Grief is a complex emotion that affects each person differently, but it has become clear over our years working with our neighbors in Binghamton that the only way someone can successfully process grief is to start the steps of working through it.
At Allen Memorial Home, our staff have been guiding families in Broom County through their grief for decades. We’ve been there to help plan funerals, cremations, and burials — and we remain ready to help long after the service is over.
We have a variety of grief recovery resources on our website to help your family. What’s more, our staff has compiled a list of tips to help during the grief journey. Losing someone you love conjures up complicated and surprising emotions, and we’re here to help on your road to healing.
It’s Okay to Sit with Your Grief
If you are someone who enjoys being on the move and avoids negative emotions as much as possible, it might not feel right to sit and allow yourself to feel sad. It can sometimes feel like a waste of time or cause you to feel guilty about wallowing. As you are grieving the loss of a loved one, it’s okay to sit in your grief and to feel sad. If you’re concerned your grief has caused depression, please reach out for help.
Grief Can Be Unexpected
As the months and years pass, you might come across a fond memory you’ve shared with a loved one who has died. This memory could resurface while you’re doing something completely unrelated, such as driving around town or listening to a song, and it’s normal to find tears welling up in your eyes. As much as that moment stings, it’s a reminder that grief will come and go — and that it is okay.

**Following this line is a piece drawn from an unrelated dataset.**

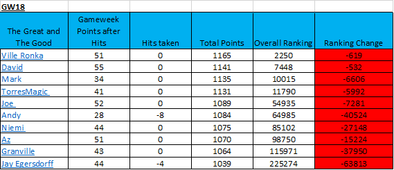 The Christmas no.1 was Ville Ronka despite suffering two red arrows. In fact, over the two game weeks there was only 4 green arrows across the whole group which shows what challenging time it has been for all FPL managers. All The Great and The Good have lost ground on their GW17 position.

No One Has the Perfect Words
Although it’s hard not to place our complete trust into our friends and family members, you may discover that there’s no one who will be able to make the pain go away completely. There are no magic words that will heal the grief, and it’s unfair to put that expectation onto anyone, including your spouse, friends, or family members. Working through your grief must start from within.
Seeking Out Guidance Helps
When we are being weighed down by negative emotions, it is easy to feel guilty about “dumping” our sadness onto someone else. That’s why many so people find it helpful to rely upon the support of a therapist or a faith leader to share what they are experiencing. Having the support of a professional is helpful, as they can listen to you objectively and provide suggestions for healing.
Holding a Ceremony is a Valuable Step Toward Healing
Too often, a family will put off or forego having a funeral or memorial service in their loved one’s honor. This may be at the request of the person who died, because family lives across the country, or due to circumstances like COVID-19 restrictions. However, the importance of gathering and acknowledging a loss cannot be overstated. Even if some time has passed since the death, it’s never too late to hold a memorial or even get together to share memories and a meal.
Take Care of Yourself
While it’s OK to take time to feel sad or to sit in your emotions, you have to remember to take care of yourself. As difficult as it may be, try to practice your daily hygiene routine and try to engage in exercise and social interactions. It’s okay to put in the minimal effort, but you still need to make sure this happens, as you are the only one who can fully take care of yourself.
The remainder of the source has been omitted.